Re: Missing keyrings on upgraded cluster

[Date Prev][Date Next][Thread Prev][Thread Next][Date Index][Thread Index]

 



Thanks, Adam.

Providing the keyring to the cephadm command worked, but the unwanted (but expected) side effect is that from cephadm perspective it's a stray daemon. For some reason the orchestrator did apply the desired drivegroup when I tried to reproduce this morning, but then again failed just now when I wanted to get rid of the stray daemon. This is one of the most annoying things with cephadm, I still don't fully understand when it will correctly apply the identical drivegroup.yml and when not. Anyway, the conclusion is to not interfere with cephadm (nothing new here), but since the drivegroup was not applied correctly I assumed I had to "help out" a bit by manually deploying an OSD.

Thanks,
Eugen

Zitat von Adam King <adking@xxxxxxxxxx>:

Going off of

ceph --cluster ceph --name client.bootstrap-osd --keyring
/var/lib/ceph/bootstrap-osd/ceph.keyring osd tree -f json

you could try passing "--keyring <bootstrap-osd-keyring" to the cephadm
ceph-volume command. Something like  'cephadm ceph-volume --keyring
<bootstrap-osd-keyring> -- lvm create'. I'm guessing it's trying to run the
osd tree command within a container and I know cephadm mounts keyrings
passed to the ceph-volume command as
"/var/lib/ceph/bootstrap-osd/ceph.keyring" inside the container.

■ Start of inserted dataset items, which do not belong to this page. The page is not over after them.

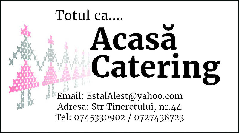 „Pentru a vă asigura că evenimentul va fi pregătit în detaliu, de la personal profesionist, la preparate care să îi surprindă pe participanți prin gust și aspect, alegeți Acasă Catering. Echipa noastră va fi partenerul tău în care poți avea încredere în orice moment, înlăturând povara, având în vedere chiar și cele mai mici detalii”, precizează echipa Acasă Catering.
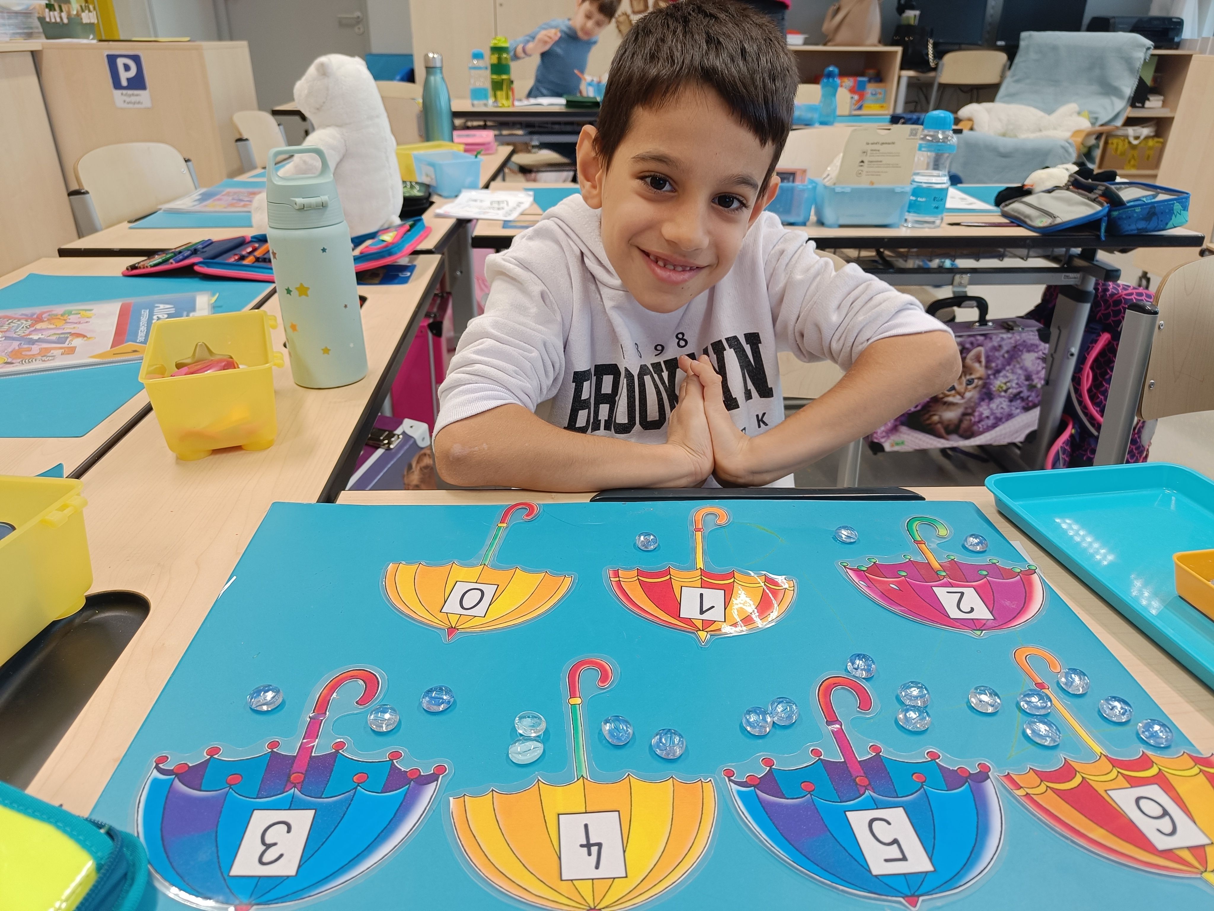 Mathematik macht uns Spaß! Wir erforschen die Zahlen, trainieren ihre Formen, ordnen sie, spielen mit ihnen und zaubern auch mit Würfeln.
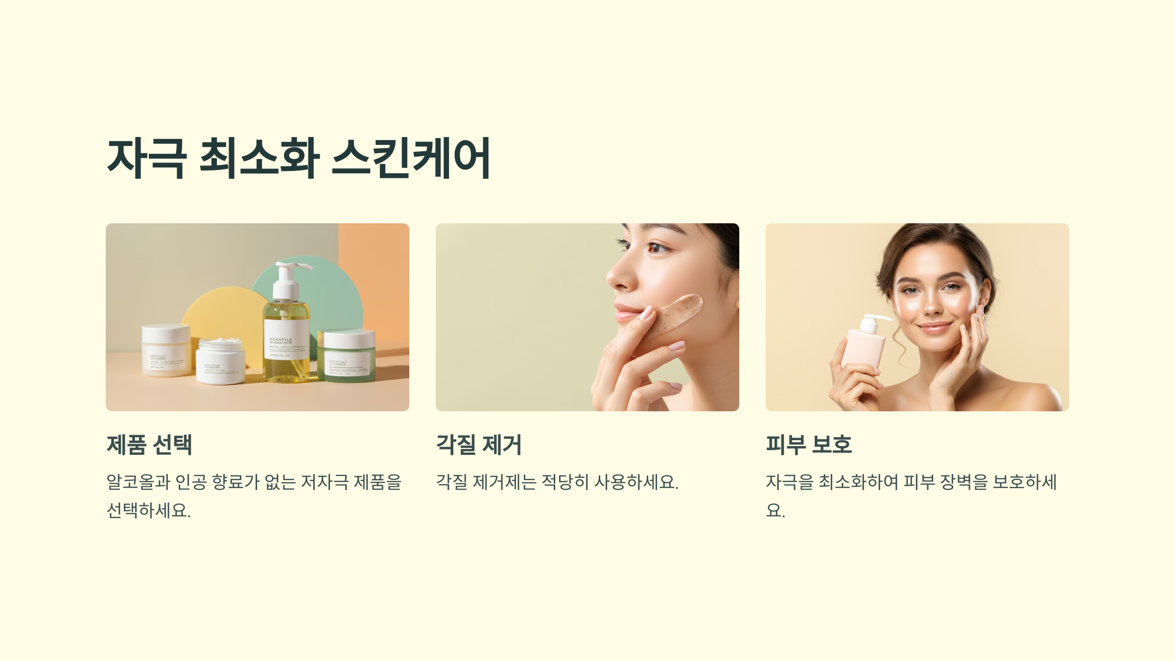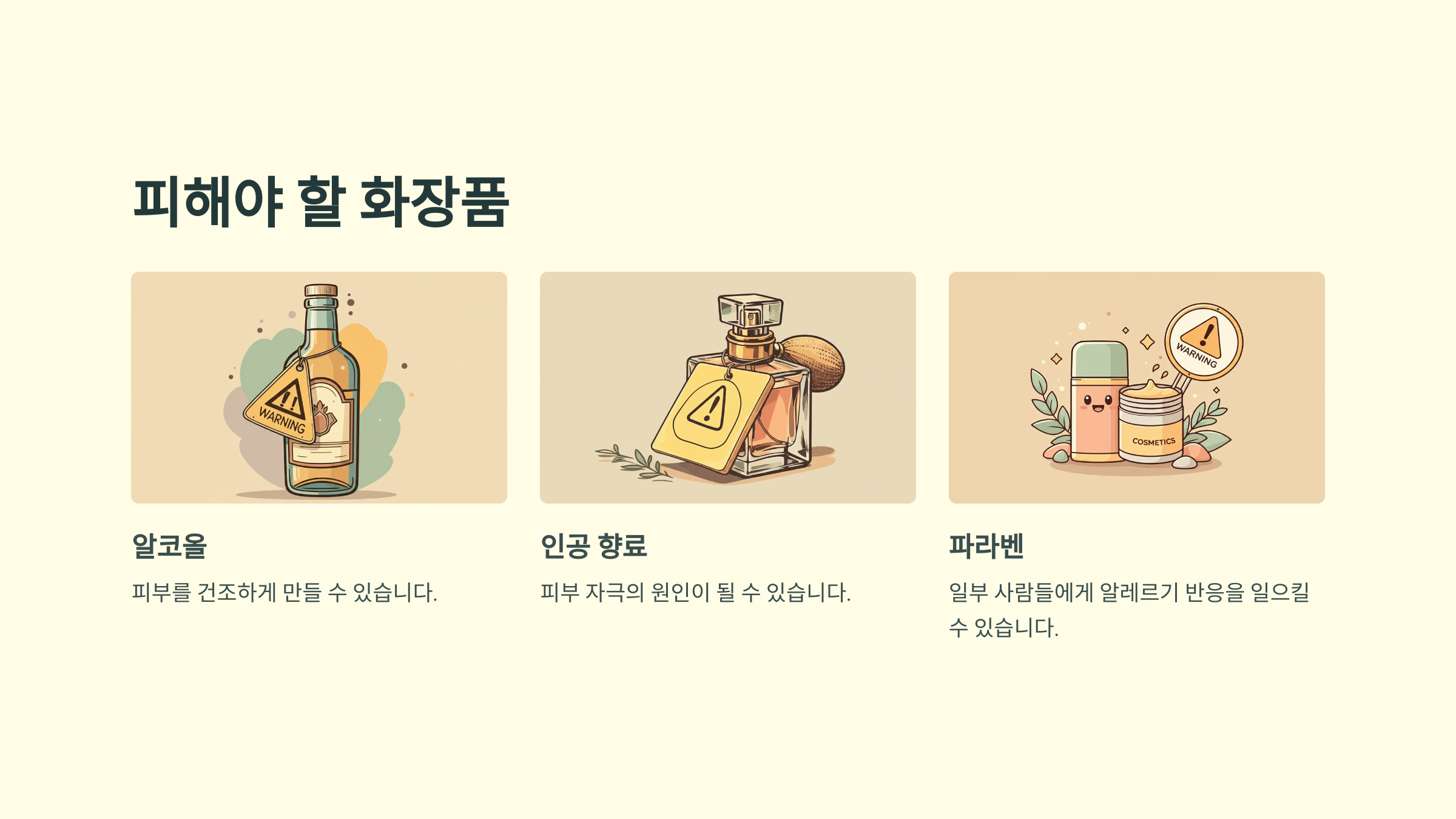 A: 알코올, 인공 향료, 파라벤과 같은 자극적인 성분이 포함된 화장품은 피하는 것이 좋습니다. 대신 저자극, 무향료 제품을 사용해 피부에 자극을 주지 않는 것이 중요합니다.

On Mon, Feb 20, 2023 at 6:35 AM Eugen Block <eblock@xxxxxx> wrote:

Hi *,

I was playing around on an upgraded test cluster (from N to Q),
current version:

     "overall": {
         "ceph version 17.2.5
(98318ae89f1a893a6ded3a640405cdbb33e08757) quincy (stable)": 18
     }

I tried to replace an OSD after destroying it with 'ceph orch osd rm
osd.5 --replace'. The OSD was drained successfully and marked as
"destroyed" as expected, the zapping also worked. At this point I
didn't have an osd spec in place because all OSDs were adopted during
the upgrade process. So I created a new spec which was not applied
successfully (I'm wondering if there's another/new issue with
ceph-volume, but that's not the focus here), so I tried it manually
with 'cephadm ceph-volume lvm create'. I'll add the output at the end
for a better readability. Apparently, there's no boostrap-osd keyring
for cephadm so it can't search the desired osd_id in the osd tree, the
command it tries is this:

ceph --cluster ceph --name client.bootstrap-osd --keyring
/var/lib/ceph/bootstrap-osd/ceph.keyring osd tree -f json

In the local filesystem the required keyring is present, though:

nautilus:~ # cat /var/lib/ceph/bootstrap-osd/ceph.keyring
[client.bootstrap-osd]
         key = AQBOCbpgixIsOBAAgBzShsFg/l1bOze4eTZHug==
         caps mgr = "allow r"
         caps mon = "profile bootstrap-osd"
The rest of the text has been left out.